Packaging machines are frequently used to automatically wrap film about products, such as trayed food items. The packaging machines typically include a film gripper that grips and pulls the film from a roll of film, side clamps that grip the film, and folders that fold the film underneath the product. Various control systems and sensors may be employed, for example, to control operation of the gripper and to sense product location. It is generally desirable to know the length of the product tray so that wrap parameters will properly accommodate the particular tray size.

In the past, in order to calibrate a machine infeed so as to enable proper determination of tray size being used, a service technician had to place a tray on the infeed station and manually enter tray size information for the tray being used on the machine interface. The package wrapping machine could then calibrate the infeed length of the machine for the purpose of the calibration. This methodology enabled errors to be introduced if the technician fails to input accurate tray size information during the calibration.

It would be desirable to provide an automated wrapping machine with a calibration methodology that does not require the use of a tray and/or that does not require user input of a tray size or dimension.

SUMMARY

In one aspect, a wrapping machine for wrapping trayed food products includes a wrap station at which trayed food products are wrapped, a film dispensing system for drawing out film at the wrap station and a conveying system for moving trayed food products along a defined path from an input station to the wrap station. The conveying system includes a conveyor for moving trayed food products from the input station to a trayed item detection arrangement, and a prime mover operatively connected for moving the conveyor. A controller is operatively connected to the trayed item detection arrangement and the prime mover. The controller is configured for carrying out a self-calibration operation in which: the prime mover is operated to cause movement of a portion of the conveyor from a start position to the trayed item detection arrangement; an amount of movement of the prime mover is monitored as the portion travels from the start position to the trayed item detection arrangement and the amount of movement is used to determine a distance from the start position to the trayed item detection arrangement; and the determined distance is stored as a calibration value in memory of the controller for future use during trayed food product wrapping operations.

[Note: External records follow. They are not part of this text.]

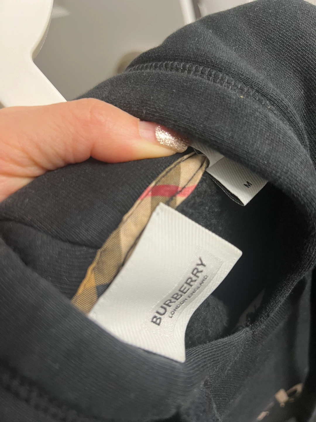 Selling a black Burberry London hoodie in size medium. It's in great condition and ready for a new owner! The classic Burberry logo adds a touch of style to this comfortable hoodie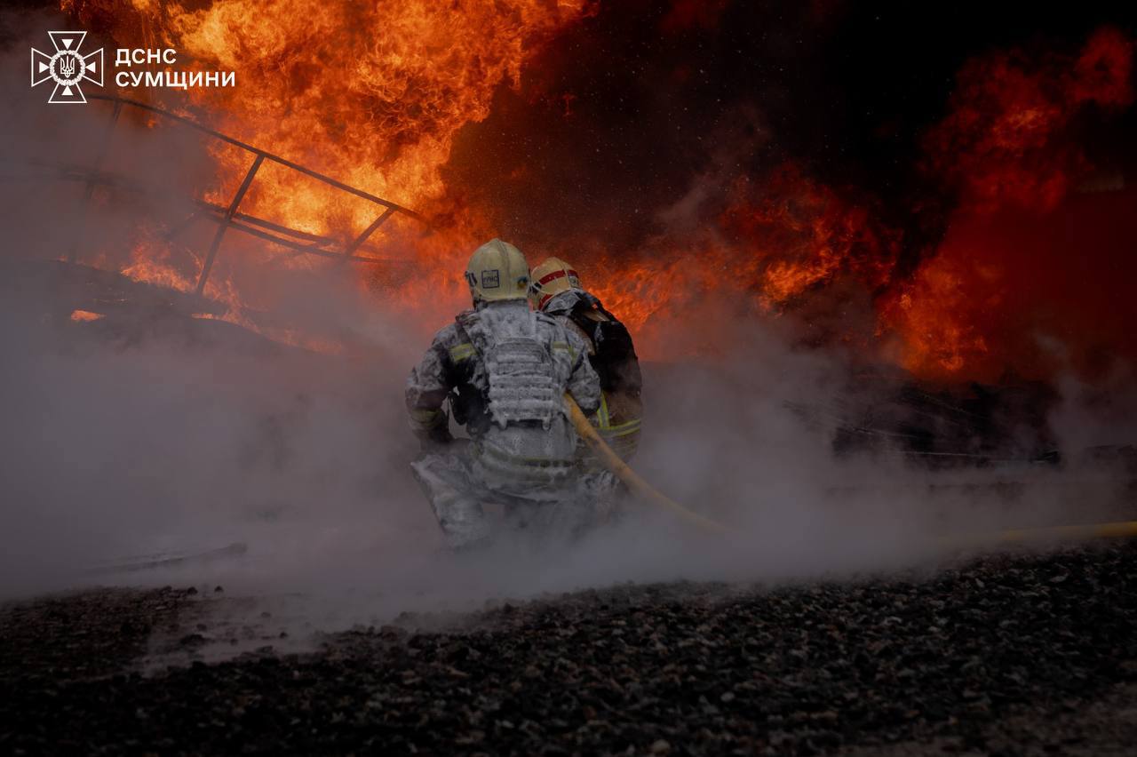 În Sumî, o dronă a lovit zona industrială a orașului în cursul dimineții, provocând un incendiu care a fost ulterior lichidat de pompieri.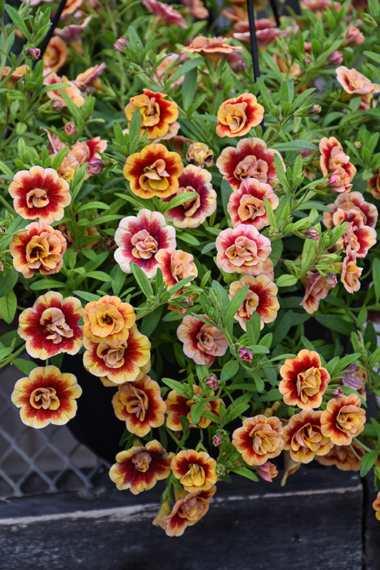 Planting & Growing MiniFamous® Neo Double OrangeTastic Calibrachoa will grow to be about 12 inches tall at maturity, with a spread of 15 inches. When grown in masses or used as a bedding plant, individual plants should be spaced approximately 15 inches apart. Its foliage tends to remain dense right to the ground, not requiring facer plants in front. This fast-growing annual will normally live for one full growing season, needing replacement the following year. This plant does best in full sun to partial shade. It does best in average to evenly moist conditions, but will not tolerate standing water. This plant should not require much in the way of fertilizing once established, although it may appreciate a shot of general-purpose fertilizer from time to time early in the growing season. It is not particular as to soil type or pH. It is highly tolerant of urban pollution and will even thrive in inner city environments. This particular variety is an interspecific hybrid. It can be propagated by cuttings; however, as a cultivated variety, be aware that it may be subject to certain restrictions or prohibitions on propagation. MiniFamous® Neo Double OrangeTastic Calibrachoa is a fine choice for the garden, but it is also a good selection for planting in outdoor containers and hanging baskets. Because of its trailing habit of growth, it is ideally suited for use as a 'spiller' in the 'spiller-thriller-filler' container combination; plant it near the edges where it can spill gracefully over the pot. Note that when growing plants in outdoor containers and baskets, they may require more frequent waterings than they would in the yard or garden. Characteristics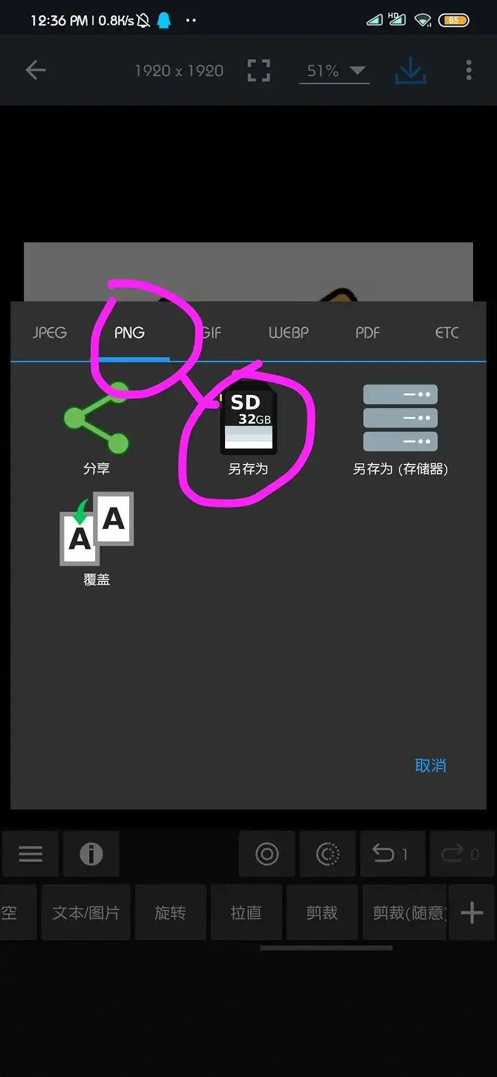 点击上面的【PNG】按钮然后点【另存为】按钮

In another aspect, a wrapping machine for wrapping trayed items includes a wrap station at which film is wrapped around trayed items, and a conveying system for moving trayed items along a defined path from an input station to the wrap station. The conveying system includes a conveyor for moving trayed items from the input station to a trayed item detection arrangement, and a prime mover operatively connected for moving the conveyor. A controller is operatively connected to the trayed item detection arrangement and the prime mover. The controller is configured for selectively carrying out a self-calibration operation in which: the prime mover is operated to cause movement of a portion of the conveyor from a start position to the trayed item detection arrangement; and an amount of movement of the prime mover required for the portion to travel from the start position to the trayed item detection arrangement is monitored and used to store as a calibration value in memory of the controller for future use during trayed item wrapping operations.

In a further aspect, a method is provided for calibrating a package wrapping machine that includes a conveyor for moving trayed items from an infeed station toward a wrap station, and the machine further including a controller for controlling operation of the machine. The method involves the controller: monitoring an indicator of motor rotation of a motor that drives the conveyor as a portion of the conveyor is moved from a first position to a second position; and utilizing the indicator to store a calibration value for future use during trayed item wrapping operations.

The details of one or more embodiments are set forth in the accompanying drawings and the description below. Other features, objects, and advantages will be apparent from the description and drawings, and from the claims.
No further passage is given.